Está confirmado: el dinero no hace la felicidad. En países con un ritmo de crecimiento acelerado en los últimos años, como Trinidad y Tobago, Chile, Perú, Ecuador y la República Dominicana, la gente se siente menos satisfecha que en otros con poco o ningún crecimiento, como El Salvador, Paraguay y Guatemala, según revela un estudio realizado en la región por el Banco Interamericano de Desarrollo (BID). Confiesan sentirse satisfechos los ciudadanos de Costa Rica, Panamá, México y Venezuela en una profusa lista, cerrada por los ecuatorianos, los nicaragüenses, los dominicanos y los haitianos, en la cual, curiosamente, los argentinos superan en ese aspecto a los chilenos y los uruguayos.

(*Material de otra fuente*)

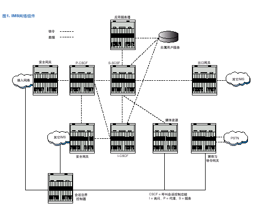 為獲得上述優(yōu)勢,IMS主要使用了如下組件:歸屬用戶服務(wù)、呼叫會話控制功能、安全網(wǎng)關(guān)、IP媒體服務(wù)器、及應(yīng)用服務(wù)器。圖1是這些組件及其它IMS網(wǎng)絡(luò)組件的圖解。

Es la paradoja del crecimiento infeliz: “Entre más rápido crece un país, más rápido crecen las expectativas de consumo y de estatus económico y social”. Y es, también, la paradoja de las aspiraciones: la ausencia de aspiraciones, así como las bajas expectativas depositadas en los gobiernos, “debilitan las demandas de mejor educación, servicios de salud y protección social”, sobre todo de los más pobres. La satisfacción de las personas, dice el estudio Calidad de vida: más allá de los hechos, “va más allá de los ingresos y el crecimiento económico”.

¿Por qué Brasil, la Argentina, Chile y Uruguay muestran una satisfacción moderada en comparación con países de ingresos per cápita menores, como Guatemala, Jamaica y Colombia? En encuestas anuales, Colombia y Puerto Rico, después de Dinamarca, son los países más felices del planeta. ¿Cuál es la fórmula? En principio, la felicidad depende de la satisfacción y, a su vez, la satisfacción depende de la felicidad. Todo depende, repone el BID, de la capacidad de los gobiernos de “entender y transformar las opiniones para hacer más viable la consecución del mayor bien posible para el mayor número posible de personas”.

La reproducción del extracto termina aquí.